Since the Hamas-Israel war began, alumni and students have criticized leadership at college campuses including Harvard, the University of Pennsylvania and Columbia over incidents of antisemitism. Each of the schools has created antisemitism task forces.
A poll released Monday by Hillel International shows that more than half of Jewish US college students say they feel less safe on their campus since the attack by Hamas, which has been designated a terrorist group by the US and the European Union.
Columbia spokesman Ben Chang said the school will cooperate with the Education Department investigation. Columbia is “moving forcefully against antisemitic threats, images, and other violations as they are reported, and we will continue to provide additional resources to protect our campuses,” he said. “But we also need to address the root causes.”
The Education Department’s spokesperson didn’t immediately respond to a request for comment.
Under Title VI, the Education Department investigates complaints at schools that receive federal funding and could theoretically cut off that money. But a typical resolution may seek to enhance a school’s policies and training, as it did with the University of Vermont in April following complaints of antisemitism on campus.
Filitti said he would like Columbia to adopt policies to ensure that the kind of discrimination that Karten and others faced doesn’t occur again.
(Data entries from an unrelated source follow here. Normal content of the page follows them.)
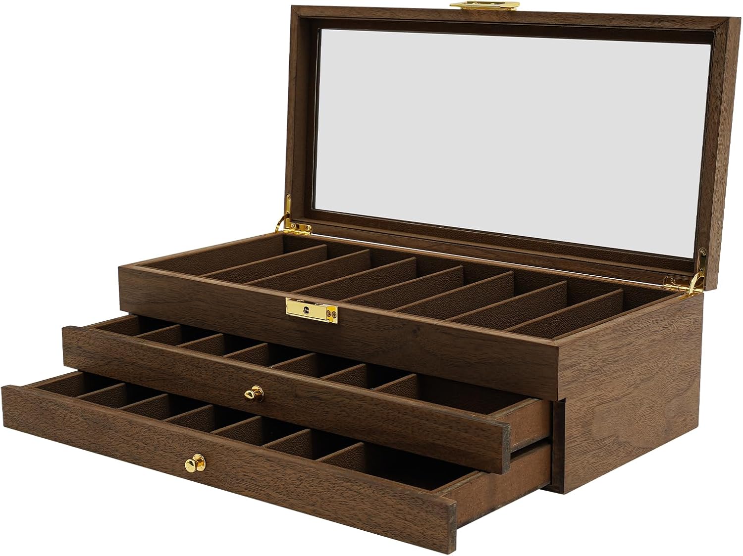 DescriptionAre you looking for a storage box that can safely store knives but also has a beautiful design? Our 3-tier knife storage box will be ideal for you. The excellent storage function, visual lid, and lock design make it not only a storage tool but also a pursuit of quality of life and respect for hobbies. ApplicationIt is suitable for storing a variety of knives, including cool knives, utility knives, pocket knives, camping knives, EDC knives, and other knives. It can be used to put forks, spoons, and so on.DetailsExquisite Handles: They allow for convenient and smooth opening and closing of the drawers, and easy access to your items. Metal Hinges: Reinforced hinges are more robust, durable, and reliable, effectively preventing loosening or detachment, thus extending the service life.Smooth Edges: The smooth edges enhance the beauty of the product and better care for your skin when using and cleaning it.Flannelette Lining: It protects the knives from scratches and provides complete protection for your collection.SpecificationsColor: Ebony ColorStyle: VintageShape: RectangularMaterial: Density Boards, Glass, Metal, FlanneletteAssembly Required: NoMounting Type: Tabletop Number of Tiers: 3Number of Compartments: 22Product Size: 40*19.2*12cm/15.7 *7.6 *4.7 inNet Weight: 3.32 kg/7.32 lbsPackage Included1* 3-tier Knife Storage Box1* KeyNotesPlease check the size carefully before ordering.Please note that only the top tier is lockable.
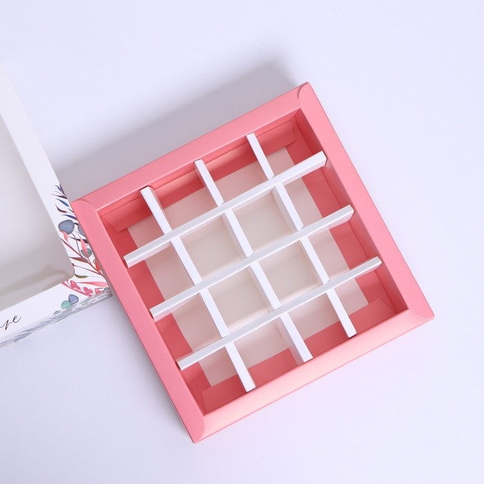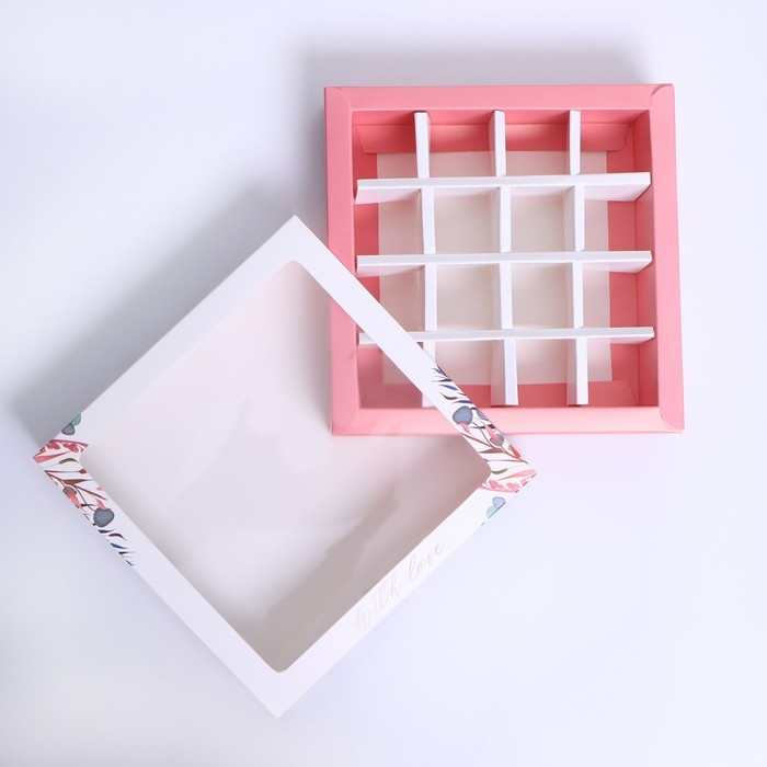 Коробка для конфет, кондитерская упаковка, 16 ячеек, With love, 17.7 х 17.7 х 3.8 см
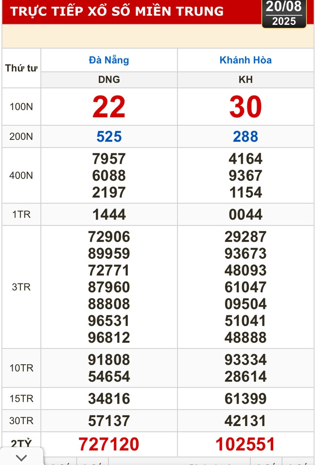 Kết quả xổ số miền Trung: Đà Nẵng, Khánh Hòa
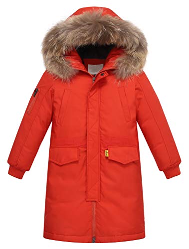 FTCayanz Bambini Giubbotto Piumino Invernale Ragazzi Ragazze Caloroso Cappotto con Cappuccio Rosso 10-11 Anni (per Altezza 140-150 cm)
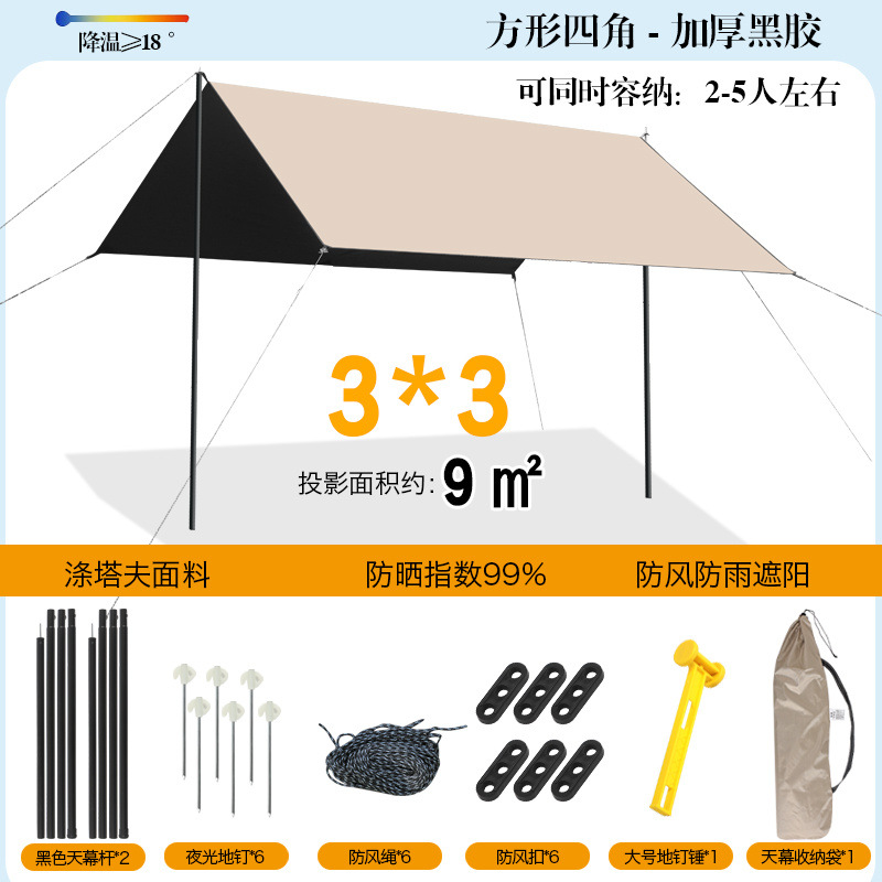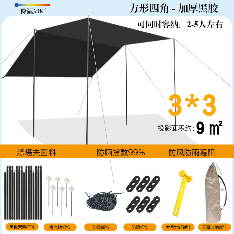 야외 캐노피 텐트 천막 두꺼운 실버 플라스틱 블랙 플라스틱 캐노피 캠핑 캠핑 피크닉 바베큐 피크닉 도매스토어 가기
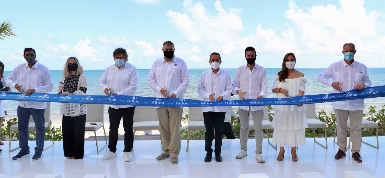 Al evento asistieron Mara Lezama, Presidenta Municipal de Benito Juárez; Rogelio Jiménez Pons, director de FONATUR; Danny Hughes, Presidente Hilton Américas; Charles El Mann Fasja, CEO Parks Holdings; y Jorge Giannattasio, SVP OPS de Latinoamérica & Caribe Hilton para llevar a cabo la ceremonia oficial.

If those policies are violated, Columbia should discipline students who engage in harassment and remove from campus student organizations that engage in systemic discrimination and targeting of minority Jewish students, he said.
“The remedy is a change in the system at Columbia to better protect Jewish students,” Filitti said.
Filitti said that Karten, who was an undergraduate when he first complained, has graduated and runs a consulting business in Israel.
--With assistance from Janet Lorin.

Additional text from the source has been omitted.